» Exercise instructions:
Work through the listing below and give again exactly the lines from the one with "Guess Women's Beige" to the one with "Package weight: 1.5kg", both ends included. All other lines and all pictures stay out.

» Provided data:
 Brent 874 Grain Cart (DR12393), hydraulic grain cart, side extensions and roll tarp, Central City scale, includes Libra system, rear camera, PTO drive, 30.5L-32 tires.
==
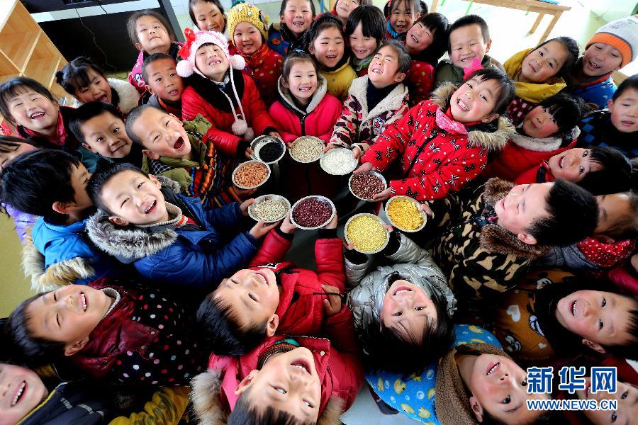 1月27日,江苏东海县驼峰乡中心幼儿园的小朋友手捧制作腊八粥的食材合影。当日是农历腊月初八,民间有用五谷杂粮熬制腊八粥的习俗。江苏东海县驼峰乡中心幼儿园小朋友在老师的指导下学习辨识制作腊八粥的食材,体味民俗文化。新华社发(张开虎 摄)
--
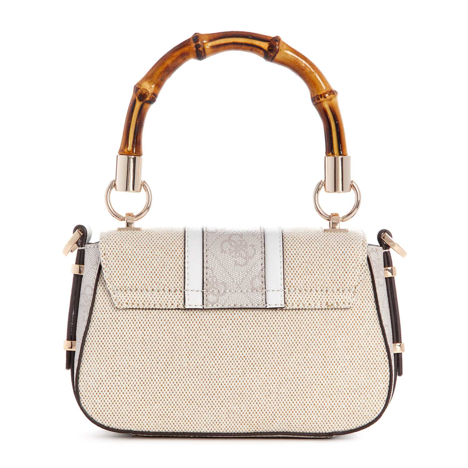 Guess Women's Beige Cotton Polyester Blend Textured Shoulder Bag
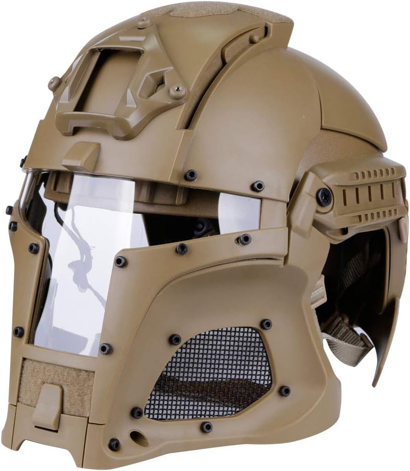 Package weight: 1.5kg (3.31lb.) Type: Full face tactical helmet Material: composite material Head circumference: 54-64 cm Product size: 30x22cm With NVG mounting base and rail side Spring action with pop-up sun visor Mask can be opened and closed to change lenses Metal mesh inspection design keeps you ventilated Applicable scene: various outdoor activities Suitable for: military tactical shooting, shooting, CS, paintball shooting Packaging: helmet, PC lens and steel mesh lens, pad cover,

» Response to the exercise:
 Guess Women's Beige Cotton Polyester Blend Textured Shoulder Bag
 Package weight: 1.5kg (3.31lb.) Type: Full face tactical helmet Material: composite material Head circumference: 54-64 cm Product size: 30x22cm With NVG mounting base and rail side Spring action with pop-up sun visor Mask can be opened and closed to change lenses Metal mesh inspection design keeps you ventilated Applicable scene: various outdoor activities Suitable for: military tactical shooting, shooting, CS, paintball shooting Packaging: helmet, PC lens and steel mesh lens, pad cover,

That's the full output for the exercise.